— Goal of the exercise —
Leave out the pictures and output exactly the lines below from the one with "ミニチュア・ダックスフンド(スムース) ブラックタン パイボールド" down to the one with "Телескопический трещоточный ключ", both of them included.

════════

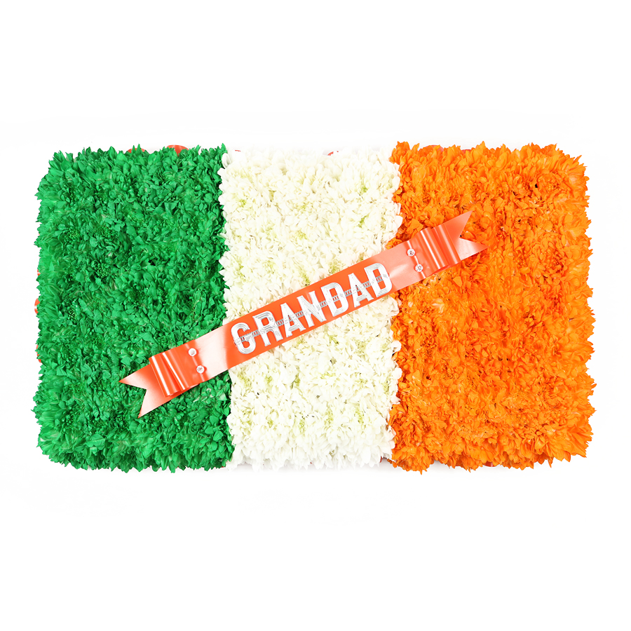 This briliantly beautiful arrangement designed in the shape of the Ireland flag will create a glorious sense of peace. Pay your last respect and express your deep sorrow with this tribute made up of green,white and orange chrysanthemums.
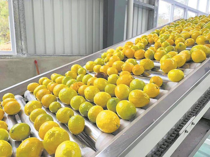 进入新的一年,位于简阳市雷家镇黑水寺村的农副产品出口总部基地里,自动化生产线高效运转,工人加班加点,气氛十分火热。一颗颗刚从树上采摘下来的新鲜柠檬在这里接受喷淋清洗,再“坐”上自动化分拣轨道,通过激光分选并进行分级认证后,打包、装箱,即将漂洋过海到俄罗斯、东南亚等地。
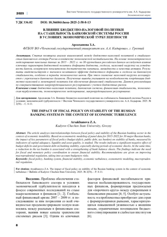 Статья посвящена анализу взаимосвязей между бюджетно-налоговой политикой и стабильностью банковского сектора России в контексте экономической нестабильности. На основе эконометрического моделирования панельных данных за 2015 - 2022 гг. по 30 крупнейшим российским банкам исследуется влияние ключевых параметров бюджетной политики (дефицита бюджета, госдолга, налоговой нагрузки) на устойчивость банков, измеряемую показателями достаточности капитала, ликвидности и качества активов. Результаты свидетельствуют о значимом негативном эффекте бюджетного дефицита и госдолга на банковскую стабильность, особенно в периоды экономических шоков. При этом снижение налоговой нагрузки ассоциируется с укреплением банковских балансов. Полученные выводы указывают на необходимость координации бюджетно-налоговой и монетарной политики для обеспечения финансовой стабильности. Даются рекомендации по совершенствованию макропруденциального регулирования с учетом бюджетных рисков.
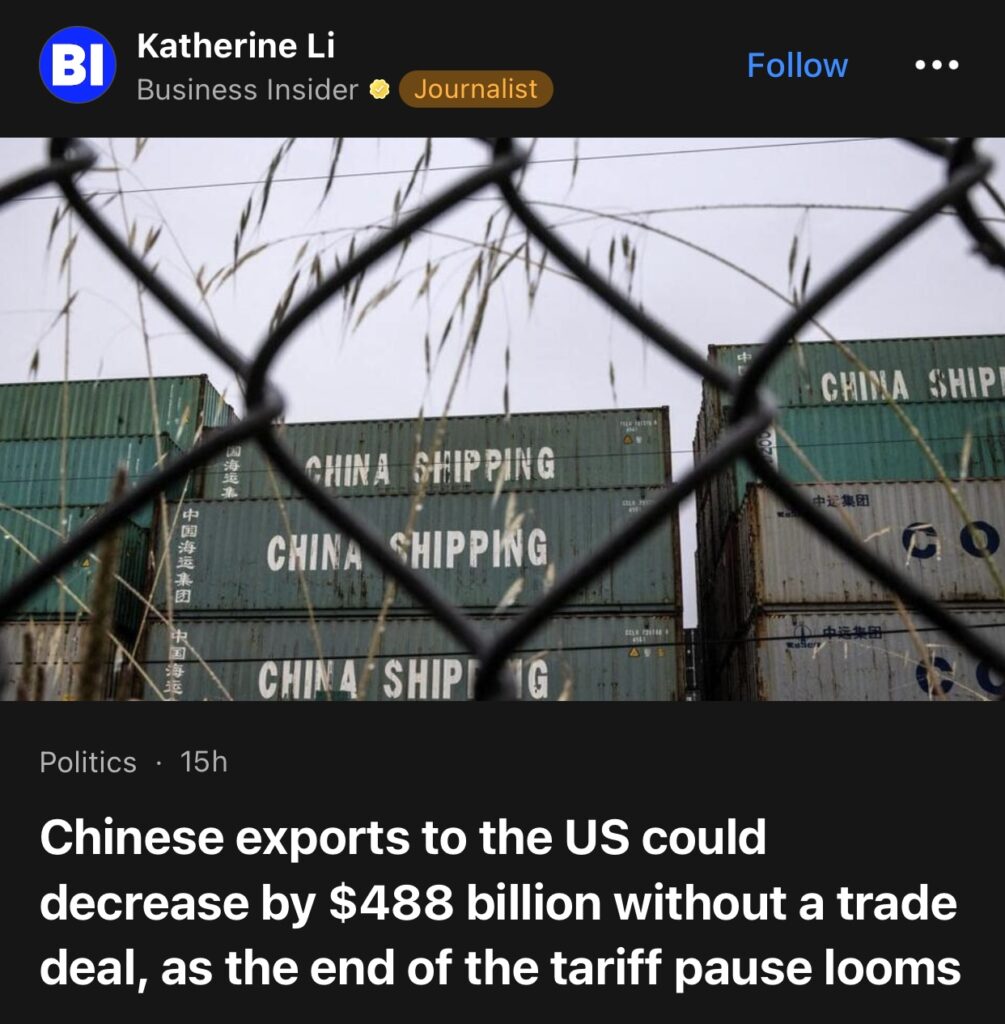 5。据Business Insider报道,如果没有达成贸易协议,中国对美国的出口可能会减少 4880 亿美元,因为关税暂停即将结束。
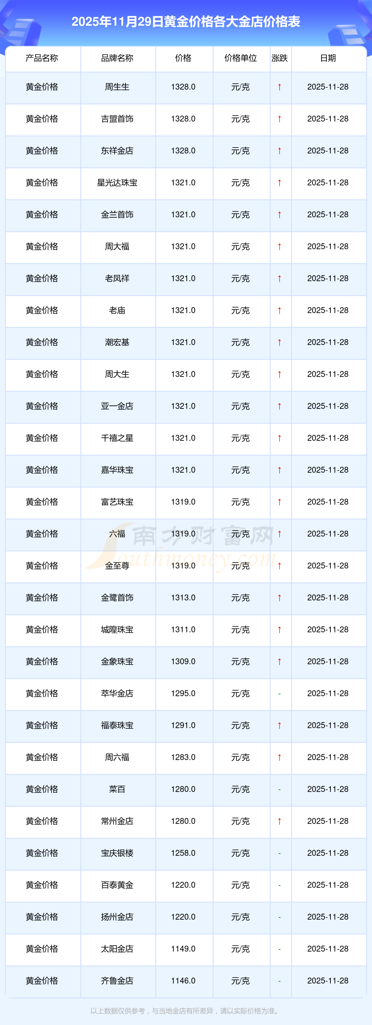2025年11月29日,星光達(dá)珠寶、星光達(dá)珠寶、寶泉錢幣、金蘭首飾、金蘭首飾、謝瑞麟、謝瑞麟、謝瑞麟、謝瑞麟、謝瑞麟、金銀街等各大金店品牌黃金價(jià)格今日價(jià)格如下:星光達(dá)珠寶1321.0元/克、星光達(dá)珠寶600.0元/克、寶泉錢幣12.6元/克、金蘭首飾1321.0元/克、金蘭首飾600.0元/克、謝瑞麟1207.0元/克、謝瑞麟1321.0元/克、謝瑞麟46370.0、謝瑞麟13970.0、謝瑞麟41860.0、金銀街1296.0元/克。
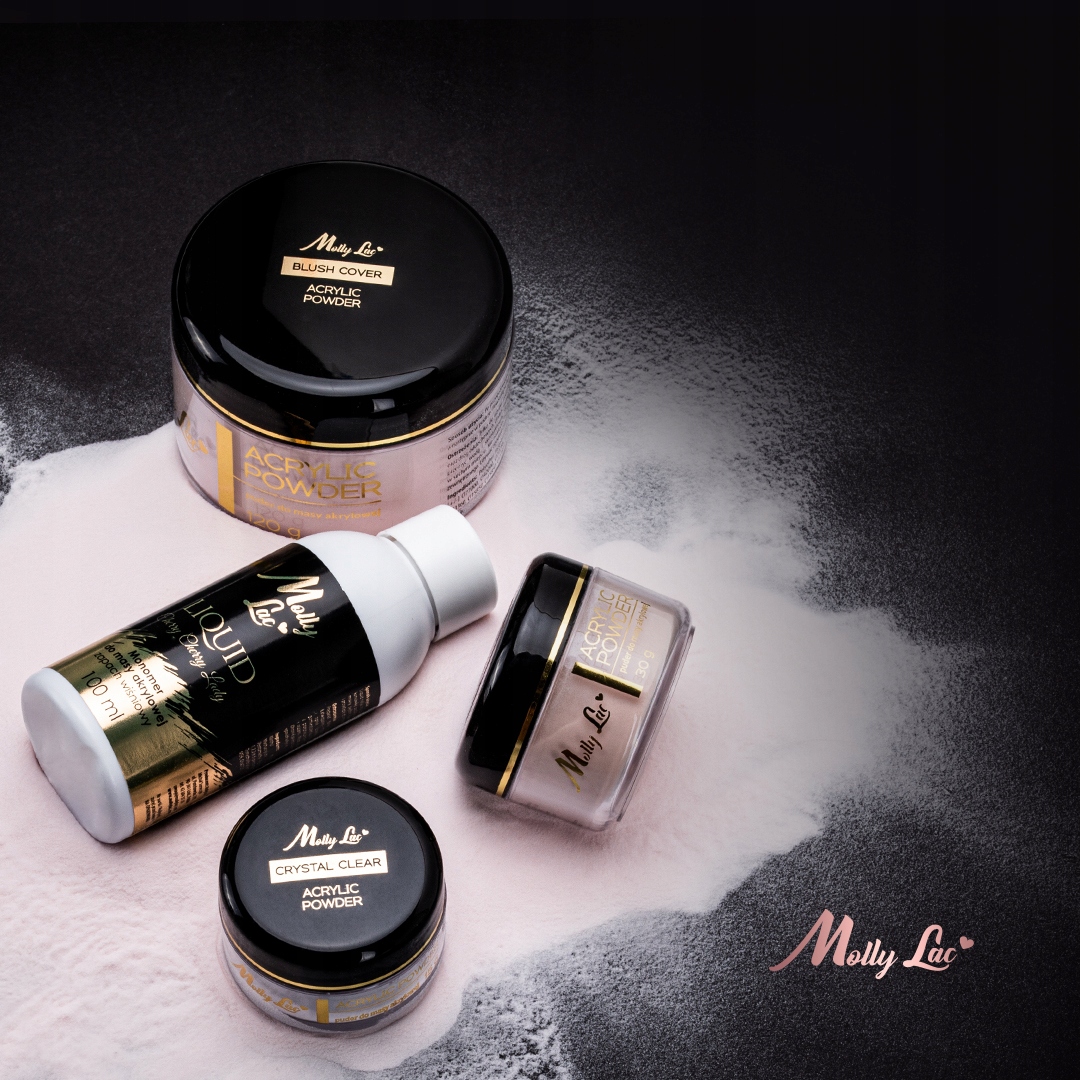 Акрилові пудри MollyLac ідеально тонкі, за текстурою нагадують розсипчасту пудру. Крім того, вони стійкі до кристалізації, не жовтіють під впливом сонячних променів, а також їх додатковою перевагою є простота обробки.
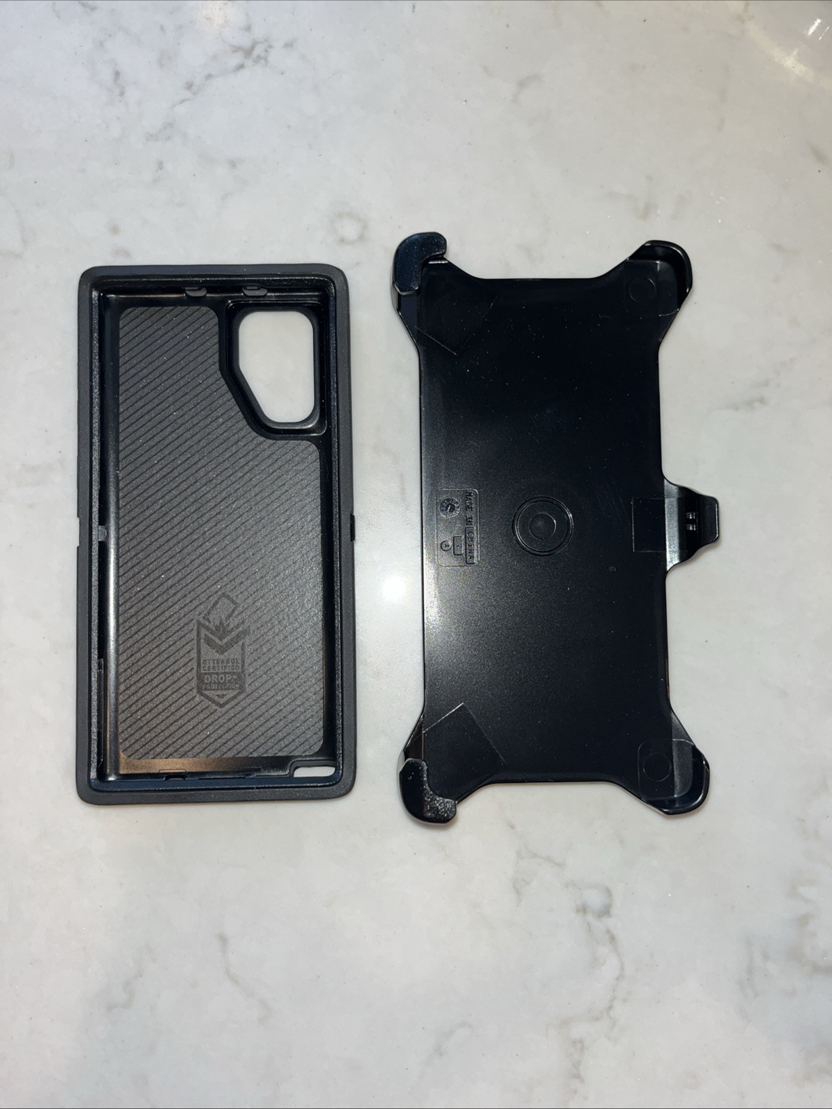 Keep your Samsung Galaxy Note 10 safe and secure with this heavy-duty OtterBox Defender Series Holster Case in Black. The hard case is made of rigid plastic and features a hybrid, matte, and rugged design that is perfect for protecting your phone from scratches and drops. It also includes a clip for easy carrying and a kickstand for hands-free viewing. This case is compatible with Qi wireless charging and is suitable for Samsung Galaxy Note10 users who want to keep their phone safe and stylish. The design/finish of the case is plain and black, making it perfect for those who prefer a sleek and sophisticated look. Get your hands on this OtterBox Defender Series Holster Case and protect your phone from harm.
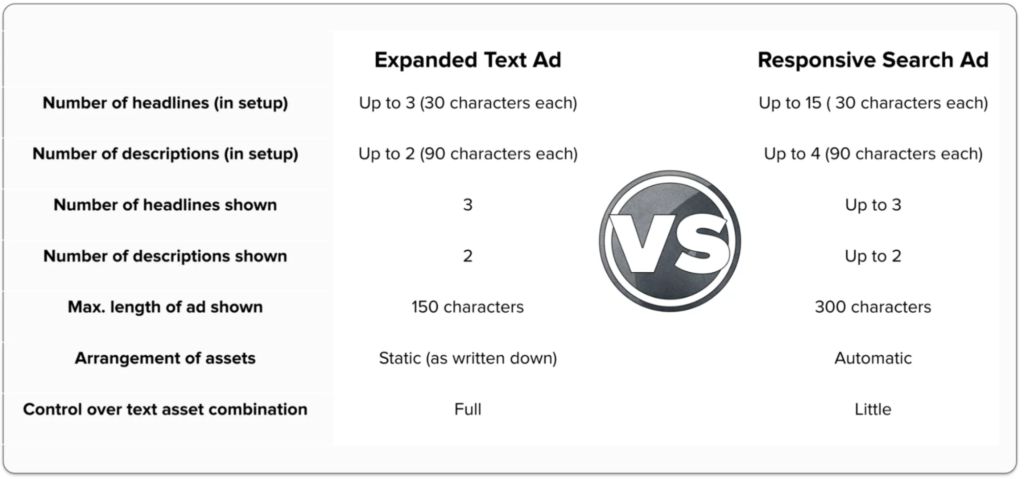 An article from Smarter Ecommerce outlined the differences between RSAs and ETAs well:
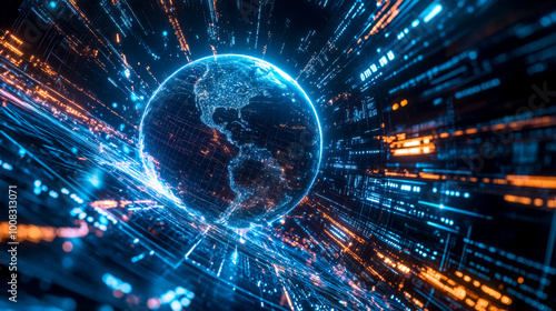 Planet earth rotating with digital data flowing around it
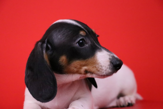 ミニチュア・ダックスフンド(スムース) ブラックタン パイボールド ♂(男の子) 愛知県【 ブリーダーズ 】
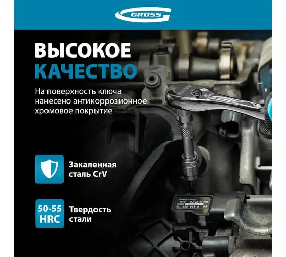 Телескопический трещоточный ключ 1/2" GROSS 14070
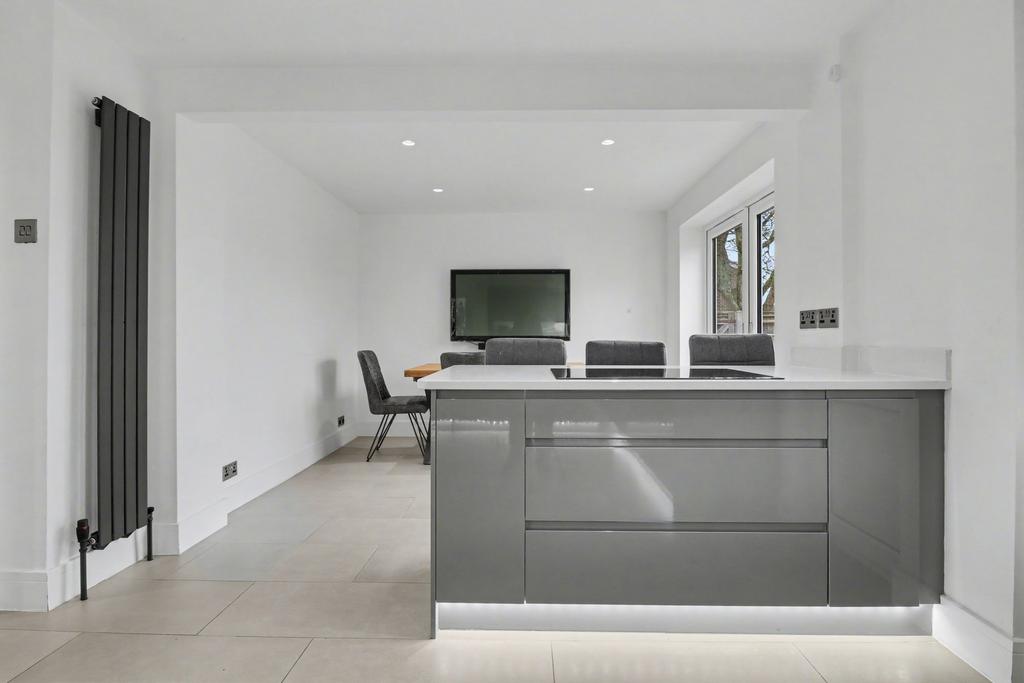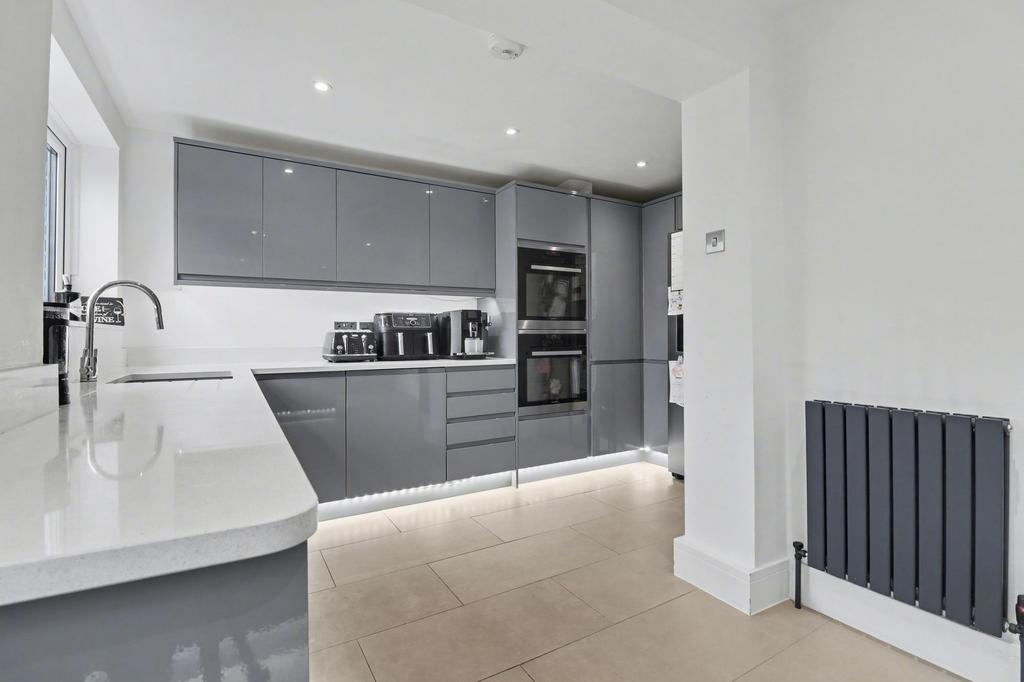 To the rear lies the true heart of the home—an impressive open-plan kitchen, dining, and family area. The kitchen is fitted with a sleek range of contemporary high-gloss units, complemented by quartz work surfaces and a substantial central island providing additional storage and informal seating. Integrated appliances and under-unit lighting enhance both the practicality and visual appeal of this superb space. The layout flows seamlessly into the dining and family area, which is flooded with natural light via rear-facing windows and doors—perfect for entertaining and everyday living.
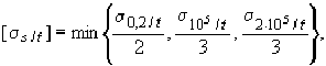8.5.2. Допускаемые напряжения для шпилек, изготовленных из марок сталей, не указанных в табл. 8.2, или по которым имеются специальные технические требования и данные по гарантированным характеристикам кратковременной и длительной прочности, следует определять по формуле
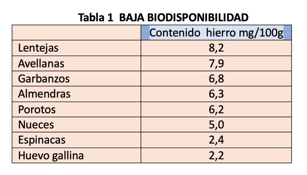 Importa señalar que una cosa es la cantidad de hierro que contiene un alimento y otra cosa es la absorción de este hierro por nuestro organismo. Es lo que conoce como “biosdisponibilidad”.
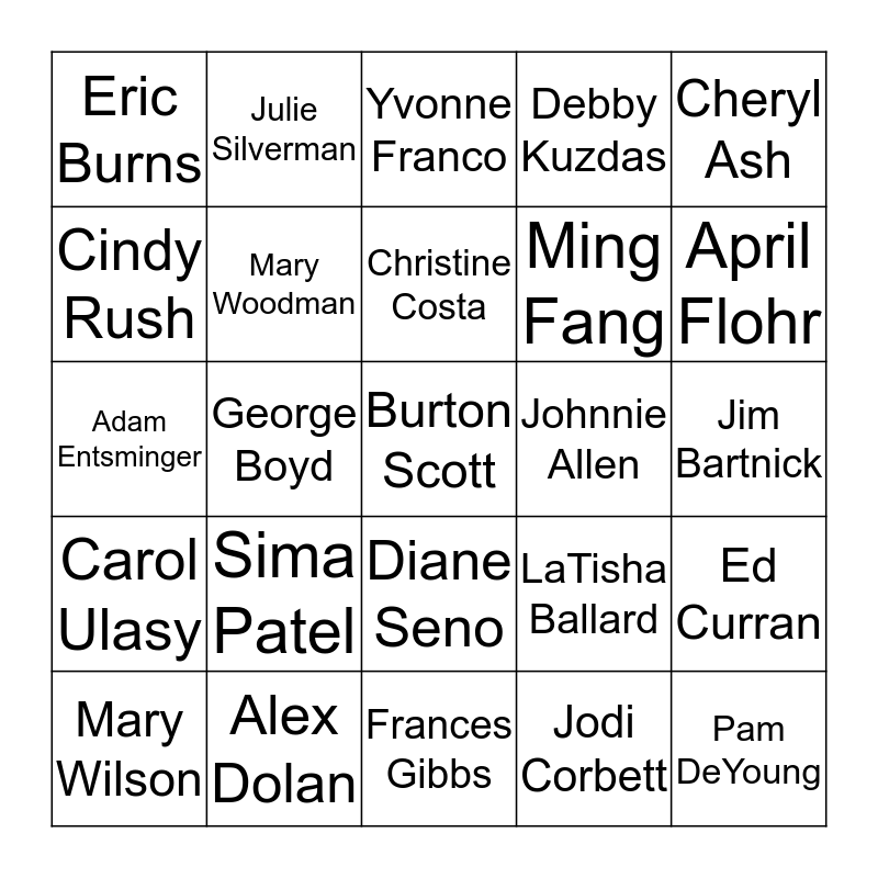 ⚠ This card has duplicate items: Johnnie Allen (2), Cheryl Ash (2), Helene Berns (2), George Boyd (2), Jodi Corbett (2), Ed Curran (2), Pat Dalton (2), Alex Dolan (2), Cathy Elfstrand (2), Adam Entsminger (2), Ming Fang (2), April Flohr (2), Yvonne Franco (2), Colleen Frankowski (2), Robin Gallagher (2), Lindsay Gerke (2), Frances Gibbs (2), Mary Halatek (2), Pam DeYoung (2)

════════

— Answer for this exercise —
 ミニチュア・ダックスフンド(スムース) ブラックタン パイボールド ♂(男の子) 愛知県【 ブリーダーズ 】
 Телескопический трещоточный ключ 1/2" GROSS 14070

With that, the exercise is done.